One-Third Of China’s Real Estate Companies Are Debt Zombies

As China’s economy continues to sputter, many local companies are having difficulty servicing their debts. A look at 3,000 listed Chinese businesses by French investment bank Natixis found that interest costs exceeded cash flow for 18.5% of them last year, compared with 8% in 2010.

Real estate, the most debt-ridden sector, saw its leverage level reach 197% last year, nearly double the figure for 2008, according to Natixis. The investment bank estimates that almost one-third of listed companies in the sector are “zombies” — businesses that are on the brink of default but still taking on more debt.

“The share of zombies in the real estate sector literally doubles the average in [corporate] China,” said Iris Pang, senior economist for greater China at Natixis. Evergrande Real Estate, for example, saw its ratio of total liabilities to earnings before interest, taxes, depreciation and amortization — or EBITDA — leap to 15.4% at the end of 2015 from 8.5% a year earlier.

The figure climbed to 28.6% from 14.9% at Greenland Holdings, 26.8% from 9.7% at Sunac China Holdings, and 58.5% from 20% at Shui On Land.

A study released in May by brokerage CLSA of China’s property, mining, manufacturing, utilities, construction, and wholesale and retail sectors counted potential problem debts of 14 trillion yuan ($2.14 trillion) as of the end of 2015.

The property sector represented over half the total, at 54.1%, with industries plagued by excess capacity, such as utilities, steel and coal, accounting for much of the rest. Notably, most of the recent corporate bond defaults have come from these loss-making sectors too, including state-owned power equipment manufacturer Baoding Tianwei Group and Dongbei Special Steel Group.

Worries about large-scale layoffs, especially in the steel and coal industries, have held the government back from pushing strongly on necessary capacity cutbacks.
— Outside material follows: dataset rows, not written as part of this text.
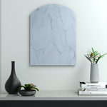 Espejo rectangular con lado ovalado .Usar solo en interiores, no exponer directo al sol, no golpear ni martillar el vidrio, limpiar con un paño ligeramente húmedo, Usar jabones suaves, evite el contacto directo con el agua, el fuego o la exposición a fuentes de calor.Ensamble a la pared con soporte en aglomerado (Chaflán) incluye tornillos y chazos
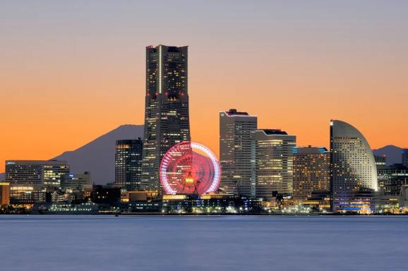 值得一提的是这里有一座巨大的摩天轮,屹立在港岸,形似日本传统的梳子,坐在摩天轮一路缓缓上升,可以看到横滨港的城市风貌和夕阳余晖落在横滨港的样子,透过朦胧的夕阳,远处富士山的轮廓若隐若现,更显得几分动人。
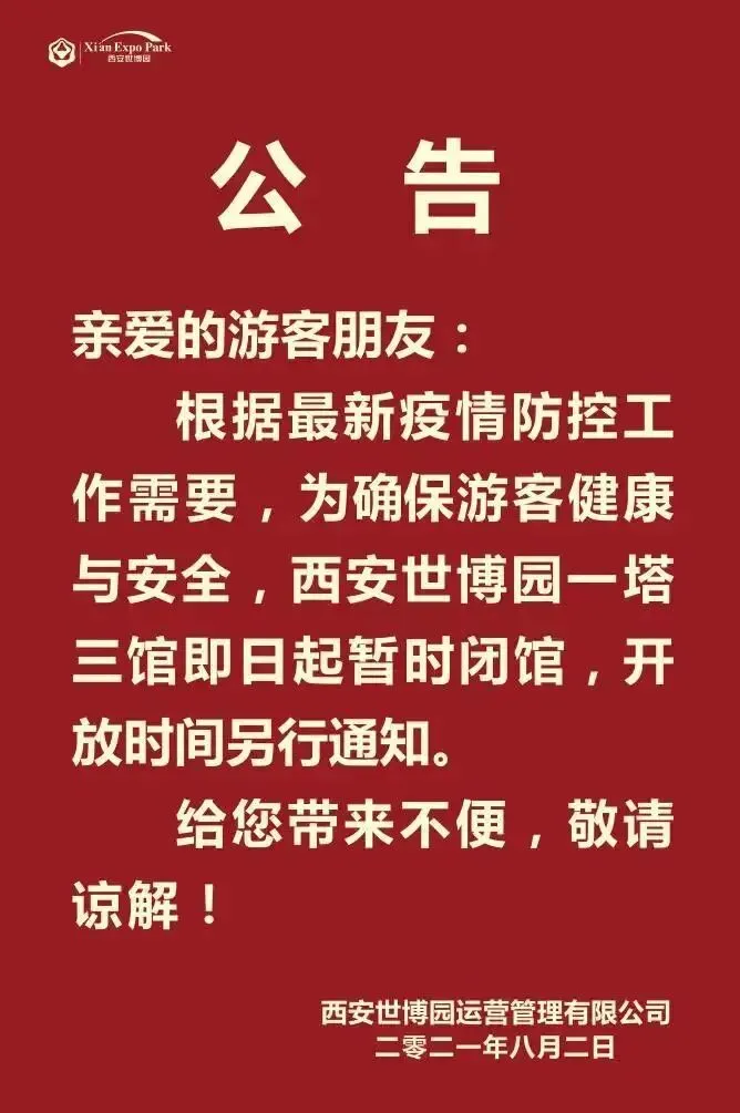 8月2日起,西安世博园一塔三馆暂时闭馆。
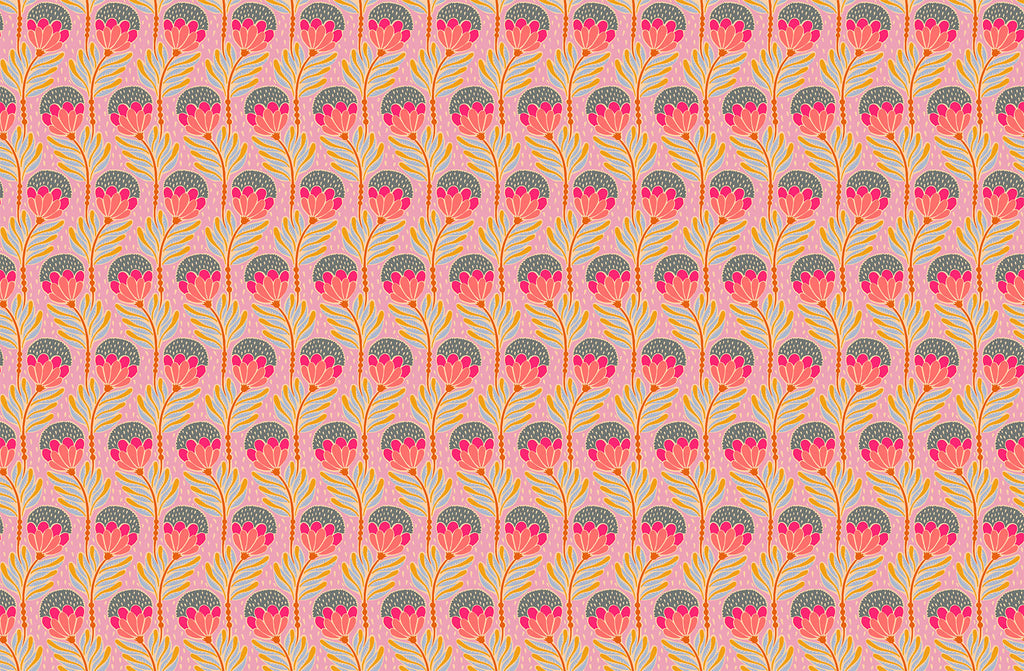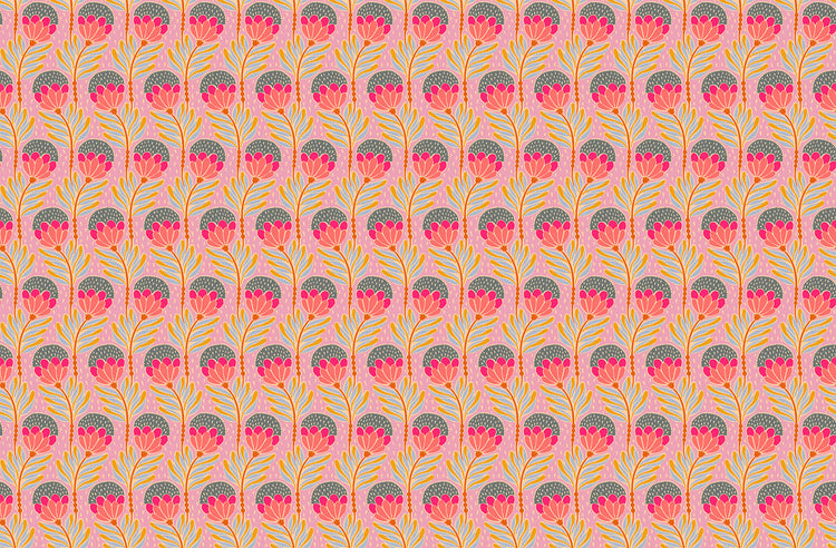 This moody-yet-lively floral features rich coral-pink blooms and golden stems set against a soft mauve-pink background, with dotted charcoal halos adding depth and contrast. The layered shapes and subtle textural details create movement without overwhelming. A beautiful way to bring warmth and structure into more atmospheric color palettes.

Instead, state banks have continued to extend more loans, said Francis Cheung, head of China-Hong Kong strategy at CLSA. Cheung estimates that the actual proportion of questionable debts on the books of China’s banks stands at 15-20%, compared with the 5.76% total reported by the central bank at the end of the first quarter for nonperforming loans and so-called special mention loans.

The combined effect of new international accounting rules and China’s banking regulations means that up to 10.6 trillion yuan in new capital will be needed to cushion the financial system, Cheung said.

“The biggest downside risk to investing in Chinese banks is their nonperforming loans that have yet to be fully reported,” said Ken Wong, client portfolio manager at Eastspring Investments, the fund management arm of UK insurer Prudential.